▶ _COLLECTED MATERIAL_:
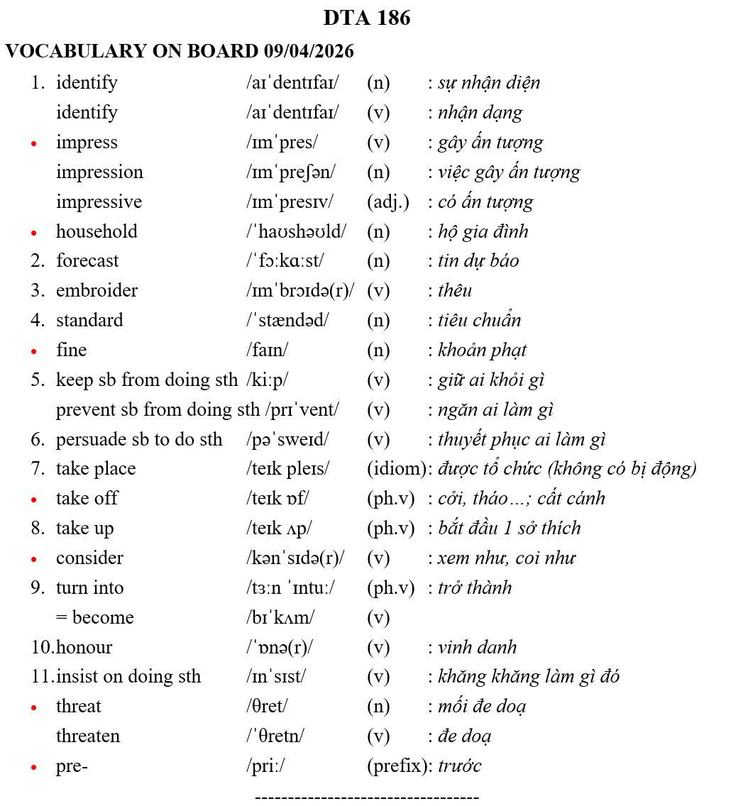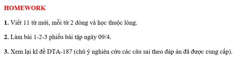 THỨ NĂM NGÀY 09/04/2026 - BTVN 9A
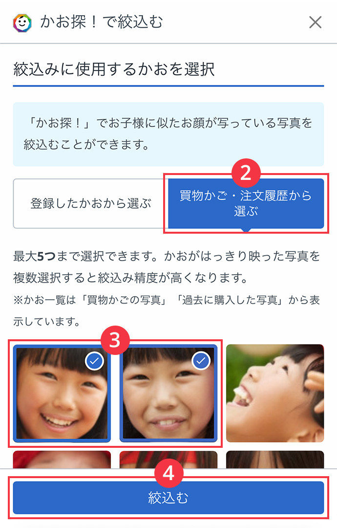 - 買物かごの写真・過去に購入した写真に写っているかおが一覧に表示されますので、絞込みに使用したいかおを最大5つまで選択します。
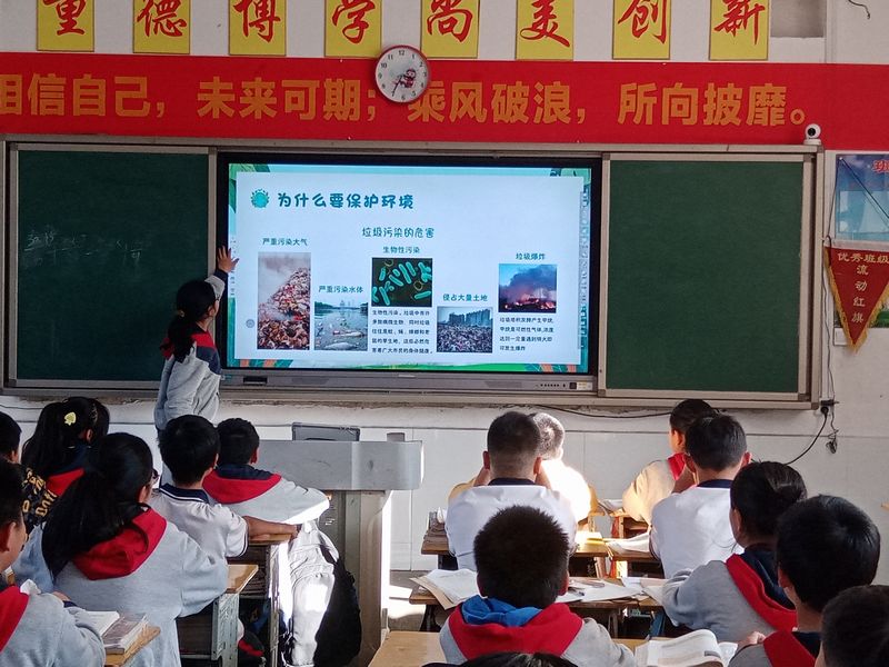 本网讯 11月21日,江南镇中学召开“保护生态环境,建设美丽中国”主题班会。 班会上,班主任利用图片、事例、数据、视频等,通过ppt向学生阐释了保护环境的重要意义,分析了垃圾污染的危害,指出了我们现实中存在的环境问题。着重从废物利用、减少垃圾、做好垃圾分类等几个方面,具体而微地介绍了保护环境的方法和措施,提醒学生保护环境,从自身做起,增强环保意识,养成良好行为习惯,做生态文明的践行者,为“推进生态文明,建设美丽中国”作出贡献。 据悉,该校还开设了“垃圾分类益处多,环境保护靠你我”知识宣传专栏,进行了“美化校园,保护环境”为主题的黑板报评比活动,成立了志愿者队伍,开展绿色环保活动。

▶ _THE PROBLEM_: With pictures omitted, restate exactly every line from the one containing "- 買物かごの写真・過去に購" through the last line of the material, inclusive.

▶ _RESPONSE TO THIS EXERCISE_:
 - 買物かごの写真・過去に購入した写真に写っているかおが一覧に表示されますので、絞込みに使用したいかおを最大5つまで選択します。
 本网讯 11月21日,江南镇中学召开“保护生态环境,建设美丽中国”主题班会。 班会上,班主任利用图片、事例、数据、视频等,通过ppt向学生阐释了保护环境的重要意义,分析了垃圾污染的危害,指出了我们现实中存在的环境问题。着重从废物利用、减少垃圾、做好垃圾分类等几个方面,具体而微地介绍了保护环境的方法和措施,提醒学生保护环境,从自身做起,增强环保意识,养成良好行为习惯,做生态文明的践行者,为“推进生态文明,建设美丽中国”作出贡献。 据悉,该校还开设了“垃圾分类益处多,环境保护靠你我”知识宣传专栏,进行了“美化校园,保护环境”为主题的黑板报评比活动,成立了志愿者队伍,开展绿色环保活动。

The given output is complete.